Finding the Damage Function#

D2R.exe on disk is obfuscated. The file you’d load into Ghidra is packed, so all you’d see is garbled nonsense where the code should be. The real instructions only exist unpacked in the live process memory after the game’s own loader decompresses them at launch. That means you can’t do any static analysis. All reversing had to happen on the running game, which makes things significantly more tedious.

The PE Under Wine#

If you read Part 2, you already know that Wine doesn’t map PE binaries in a straightforward way. Under Wine/Proton, D2R’s PE binary maps as a single large rw-s memfd:wine-mapping region with no filename in /proc/pid/maps. The PE optional header reports ImageBase: 0x6ffffa410000, but that’s not where it actually loads; the actual base is in the low address ranges, varying per run due to ASLR.

PE base varies per run: 0x4610000, 0x3e40000, etc.
.text section: ~22MB of executable code

You’ll note that there is 22mb of executable code here. It’s impractical to scroll through that looking for “the damage function.” This means that we need a strategy to narrow it down.

Caveat: 0x140000000 appears in maps as a ---p placeholder. It’s not the real image.

Scanning for References#

Here’s where our work from Part 2 pays off. D2R uses stat codes: 6 for HP, 7 for MaxHP, 8 for Mana, 9 for MaxMana (the same codes we used for the pattern scanner). Any function that deals damage has to reference these codes to know which stat to modify. This means that we can search the 22MB .text section for instruction patterns that load these constants, using instructions like lea edx, [r9 + 6]. For the unaware, lea means “load effective address”; technically it’s meant for computing memory addresses, but compilers love abusing it for quick arithmetic. In this case, if r9 is 0, lea edx, [r9 + 6] just puts 6 into edx. It’s faster and shorter than a mov in some contexts, so the compiler reaches for it when loading small values like stat codes.

The search turned up ~12 candidates. Most of them were clearly unrelated once you looked at the surrounding instructions (UI rendering, stat display, save file encoding). Cross-referencing those with nearby sub instructions (because damage = subtraction) narrowed it to one.

The Damage Handler#

After performing the search we found a cleanly structured damage handler at RVA ~0x396111 (relative virtual address, the offset from the PE base). The handler handles HP, Mana, and Stamina damage all in one function with three nearly identical blocks. Here’s the HP block as an example:

mov r15d, [rdi+0x134]     ; load damage amount
test r15d, r15d            ; damage > 0?
jle skip                   ; no damage, skip

; ... GetStat calls read current HP into eax ...
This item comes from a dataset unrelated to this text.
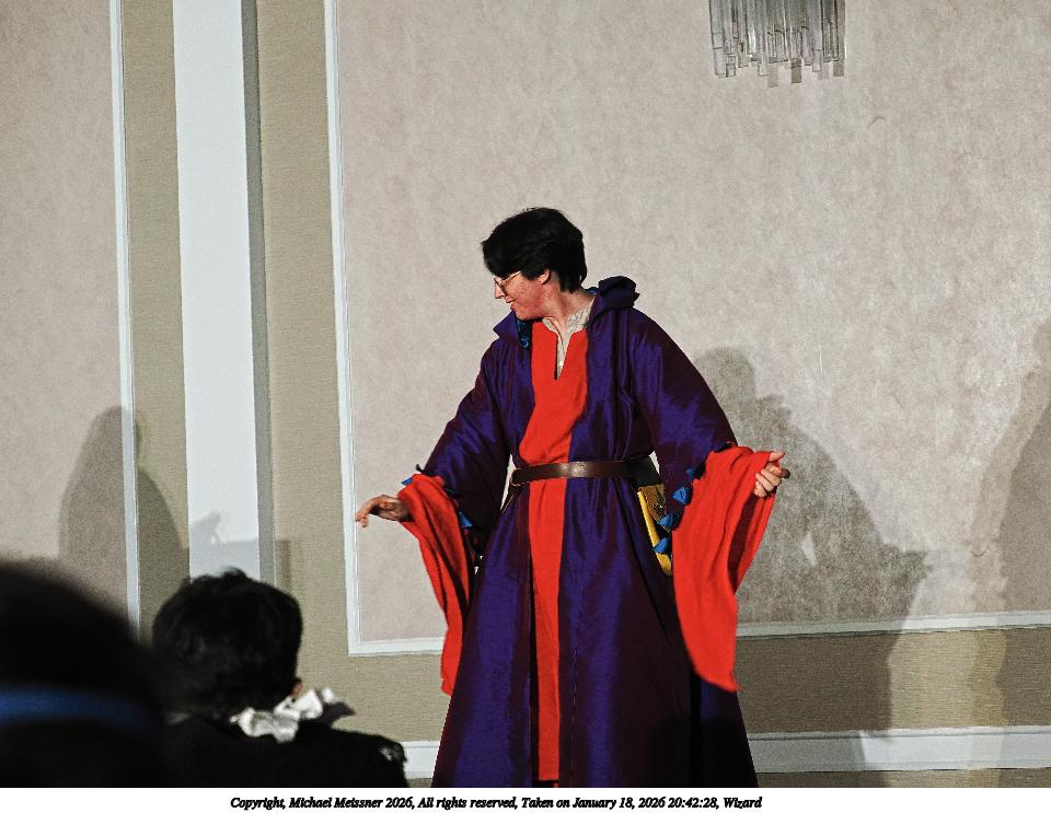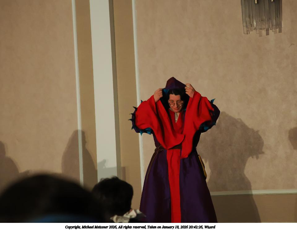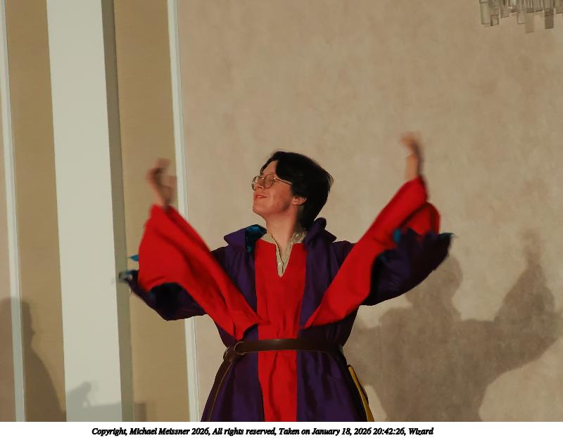 Picture #39: Wizard #2 Thumb: 400x300, 36,112 bytes (36K) Small: 800x623, 61,135 bytes (60K), (html file) Large: 3200x2400, 710,528 bytes (694K), (html file) Copyright, Michael Meissner 2026, All rights reserved OM OM1 camera with Olympus-m43 40-150mm f/2.8 lens f/2.8, ISO 6400, 1/80 sec, 40.0mm, auto mode, vivid color, matrix metering, continous focus, IS Auto, anti-shock 35mm equivalent focal length 80.0mm Programs used: crop, raw therapee Taken by Michael Meissner on January 18, 2026 20:42:26 Last modified on January 25, 2026 at 15:41 |

sub eax, r15d              ; current_hp - damage
xor r9d, r9d               ; zero r9d
cmp eax, 0x100             ; alive check (0x100 = 1 displayed HP)
mov r8d, r13d              ; prepare death value (0)
cmovge r8d, eax            ; if alive, use calculated HP; else 0
lea edx, [r9 + 6]         ; stat code 6 = HP
rcx = rbx                 ; unit pointer
call SetStat              ; write new HP

If you’ve never read x86 assembly before, the important thing to understand is that this is a fairly straightforward sequence. Basically, load the damage amount, check to see if it’s positive, subtract it from current HP, then check if the player is dead, and write the result back. The cmovge (conditional move if greater or equal) is the death check: if the result of the subtraction is less than 0x100 (which is 1 HP in display terms, because of the <<8 encoding from Part 2), the game writes 0 instead. Zero HP = dead.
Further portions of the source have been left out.